Cimetidine: Cimetidine has also been reported to reduce the renal clearance of gabapentin. The decrease in gabapentin excretion is not expected to be of clinical importance.
Hydrocodone: Coadministration increases gabapentin AUC values by 14%. Coadministration decreases hydrocodone Cmax and AUC values in a dose dependent manner Cmax and AUC values were 3% and 4% lower, respectively after administration of 125 mg gabapentin and 27% to 22% lower, respectively after administration of 500 mg gabapentin.
The mechanism for this interaction and the magnitude of interaction at other doses is unknown.
Contraceptive, oral: The Cmax of norethindrone was 13% higher when coadministered with gabapentin; this interaction is not expected to be of clinical importance.

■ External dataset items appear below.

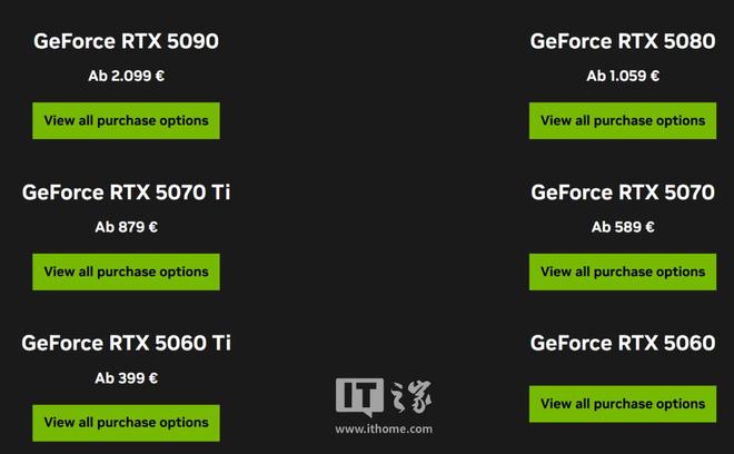 型号发布时价格当前价格降价比例RTX 50902329 欧元(IT之家注:现汇率约合 19535 元人民币)2099 欧元(现汇率约合 17606 元人民币)9.9%RTX 50801169 欧元(现汇率约合 9805 元人民币)1059 欧元(现汇率约合 8883 元人民币)9.4%RTX 5070 Ti879 欧元(现汇率约合 7373 元人民币)879 欧元(现汇率约合 7373 元人民币)无变化RTX 5070649 欧元(现汇率约合 5444 元人民币)589 欧元(现汇率约合 4940 元人民币)9.2%RTX 5060 Ti399 欧元(现汇率约合 3347 元人民币)399 欧元(现汇率约合 3347 元人民币)无变化RTX 5060319 欧元(现汇率约合 2676 元人民币)319 欧元(现汇率约合 2676 元人民币)无变化
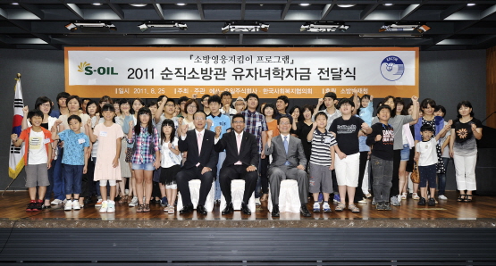 에쓰오일 아흐메드 에이 수베이 CEO(가운데)가 25일 마포구 공덕동 본사에서 화재진압, 긴급구조 활동 중 순직하거나 장애를 얻어 퇴직한 소방관 자녀 100명에게 교육비로 300만원씩, 총 3억원을 전달하고 기념촬영을 하고 있다.
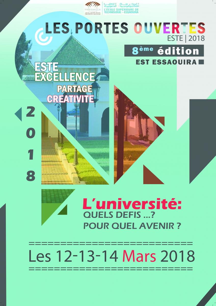 L’École Supérieure de Technologie Essaouira organise des journées portes ouvertes les 12,13 et 14 mars 2018. Tout au long des trois jours, les étudiants de l'institution excellent dans une panoplie d'activités allant des communications sur des thèmes d'actualité, des présentations des posters et des ateliers, à des compétitions techniques, culturelles et sportives.
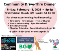 On the second Friday of each month, from 5 – 6 p.m., First Christian Church of Bowling Green (FCC), 875 Haskins Road, hosts its monthly drive-thru community meal and food distribution. This next meal is set to take place on Friday, Dec. 12.

Naproxen: Coadministration (n=18) of naproxen sodium capsules (250 mg) with gabapentin (125 mg) appears to increase the amount of gabapentin absorbed by 12% to 15%. Gabapentin had no effect on naproxen pharmacokinetic parameters. These doses are lower than the therapeutic doses for both drugs. The magnitude of interaction within the recommended dose ranges of either drug is not known.
Other antiepileptic drugs: Gabapentin is not appreciably metabolized nor does it interfere with the metabolism of commonly coadministered antiepileptic drugs.
Lab test interactions: Because false positive readings were reported with the Ames N-Multistix SG dipstick test for urinary protein when gabapentin was added to other antiepileptic drugs, the more specific sulfosalicylic acid precipitation procedure is recommended to determine the presence of urine protein.
Store below 30°C, protect from light.
N03AX12 - gabapentin ; Belongs to the class of other antiepileptics.
Cap 100 mg (white hard printed with "GABTIN/100 mg" on one side and "ATC" in blue triangle) x 10 x 10's. 300 mg (yellow hard printed with "GABTIN/300 mg" on one side and "ATC" in blue triangle) x 10 x 10's. 400 mg (orange hard printed with "GABTIN/400 mg" on one side and "ATC" in blue triangle) x 10 x 10's.